South Korean’s Crypto-Market – Current Situation

At this time, you can clearly see a lot of chaos in South Korea. It all started when the government of South Korean officially legalized Bitcoin service back in July 2017, which caused a momentous progress in the demand for cryptocurrency trading all around the country.

North Korean hackers targeted South Korean Bitcoin exchanges in August 2017, and by the end of September, there were many rumours that South Korea was planning to execute stricter regulations on cryptocurrencies.

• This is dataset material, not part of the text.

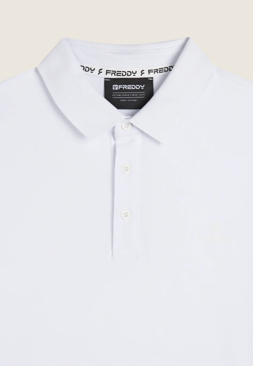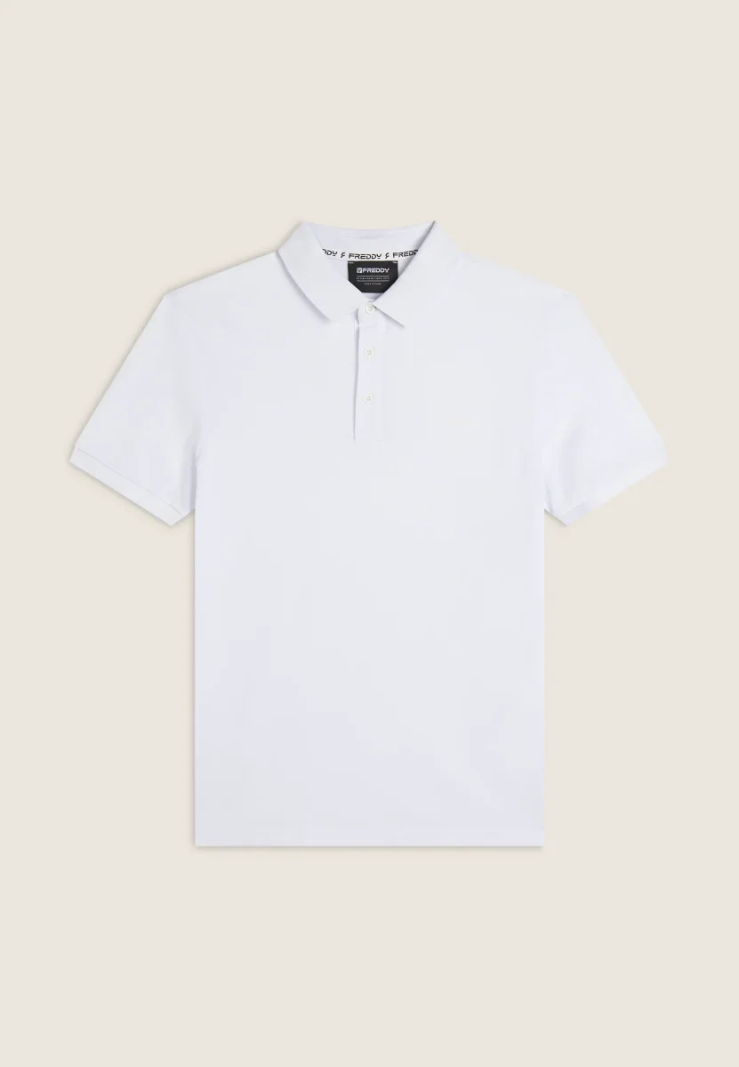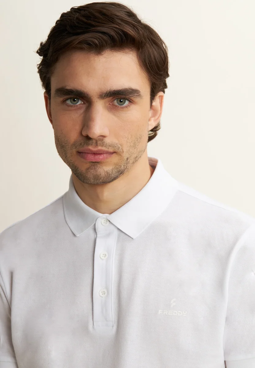 Polo in tessuto piquet 100% cotone dal taglio regular. Design curato con colletto a camicia in costina, chiusura con tre bottoni a occhiello e piccoli spacchi laterali. Dettaglio del logo FREDDY stampato in tono colore sul cuore per uno stile raffinato.
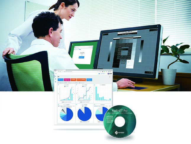 本製品は、モニターの使用状況を一元管理できるモニター品質向上の見込めるアプリケーションである。最新バージョンでは、院内における全EIZOモニターの管理・運用状況が、視覚的に一目で分かるダッシュボード機能を搭載。数値データをグラフで確認できるため、スピーディな状況把握や情報分析に役立ち、管理者の作業効率アップにつながる。

These rumours turned out to be more serious by December and based on speculations, it changed into an absolute ban on cryptocurrency exchanges and had a bad impact on the crypto world.

crypto world

South Korea Influence on the Cryptocurrency Prices

According to an estimation by The Blockchain Industry Association, South Korea has many cryptocurrency exchanges, including;

  • Coinone
  • Bithumb
  • Korbit

This tells us that even with 50 million people in a country, the demand for cryptocurrencies is so high that it has traded at more than a 30 % higher price than other countries.

80% of the investors in South Korea have earned from investments in cryptocurrency and almost one-third of salaried Koreans have an average of $5,000 in cryptocurrency, which is a huge acceptance of an unapproved investment based only on speculation.

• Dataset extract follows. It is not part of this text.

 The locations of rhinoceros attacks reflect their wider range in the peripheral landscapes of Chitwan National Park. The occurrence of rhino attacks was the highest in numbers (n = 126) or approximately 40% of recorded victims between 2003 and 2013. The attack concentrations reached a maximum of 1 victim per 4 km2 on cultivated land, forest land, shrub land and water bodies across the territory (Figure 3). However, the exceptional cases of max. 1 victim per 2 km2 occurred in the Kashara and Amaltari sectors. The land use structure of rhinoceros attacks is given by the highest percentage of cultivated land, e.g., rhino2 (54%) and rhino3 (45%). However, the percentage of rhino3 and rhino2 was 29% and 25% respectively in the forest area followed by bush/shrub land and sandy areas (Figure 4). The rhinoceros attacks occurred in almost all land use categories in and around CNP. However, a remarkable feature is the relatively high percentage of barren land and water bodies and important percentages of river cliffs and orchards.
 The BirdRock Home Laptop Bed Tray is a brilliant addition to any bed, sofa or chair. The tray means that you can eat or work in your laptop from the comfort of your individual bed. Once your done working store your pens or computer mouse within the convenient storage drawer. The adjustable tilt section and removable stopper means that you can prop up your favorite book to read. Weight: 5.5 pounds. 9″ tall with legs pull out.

How are cryptocurrency traders operating in South Korea?

Many banks including the second largest one in the country, Shinhan Bank, offer local cryptocurrency exchanges with computer-generated bank accounts. Each investor/user can use these virtual bank accounts for depositing or withdrawing huge amounts of Korean Won without using their real bank accounts, which takes a lot of time and is costly at the same time.

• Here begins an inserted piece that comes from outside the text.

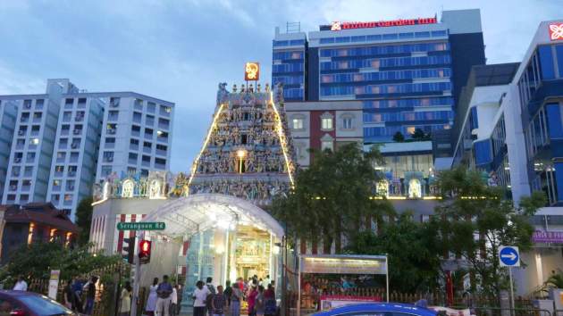 This guy prevented me from going in, though, even though they had areas to take off your shoes, and plenty of people did go in. He’s the first unfriendly Hindu temple attendant I’ve ever met, and also the only person I met in Singapore that did not speak any English – so the guy officially sucks ๐

The industry is currently under the government’s radar, amid other fears, that illegal funds will be entering the market and management of price of cryptocurrencies will be based on speculative investments.

How’s 2018 been so far for Cryptocurrencies in South Korea?

More regulatory plans have been announced by the government to ban this anonymous cryptocurrency, in order to control cryptocurrency speculation. Meanwhile, after this announcement, several South Korean exchanges were removed by the CoinMarketCap from its website, stating that extreme price divergence is the main reason for this. Around $20 billion was wiped off Ripple’s market cap as a result. After a statement by the Ministry of Justice, news of a whole cryptocurrency ban arose once again.

Is there going to be any ban on the cryptocurrencies?

The government started to notice huge speculation that drove instabilities in the cryptocurrency market since September 2017 and in order to evade money laundering and other crimes related to it, strategies to prohibit anonymous trading on local exchanges were testified in December 2017.

The Prime minister of South Korea, Lee Nak-Yeon, warned about the hazard of cryptocurrencies being an easy way for the younger generation especially students, to get involved with such illegal activities.

Regardless of the media misrepresentation of more stricter rules for cryptocurrencies, at the beginning of 2018, Kim Dong-yeon (the Finance Minister) ensured that there’d be no ban of cryptocurrencies in South Korea. The government also proclaimed that there’ll be tax on cryptocurrency exchanges around 24%. Apart from banning anonymous trading, they’ll be banning foreigners and minors from opening any other new cryptocurrency accounts as well.

How South Korean government will enforce bans?

The south Korean government has restricted the opening of new virtual accounts and cryptocurrency traders won’t be permitted to make any deposits into their virtual currency exchange wallets. They’ll be only able to deposit it only if they’ve the name of their cryptocurrency exchange and it matches that of their bank accounts.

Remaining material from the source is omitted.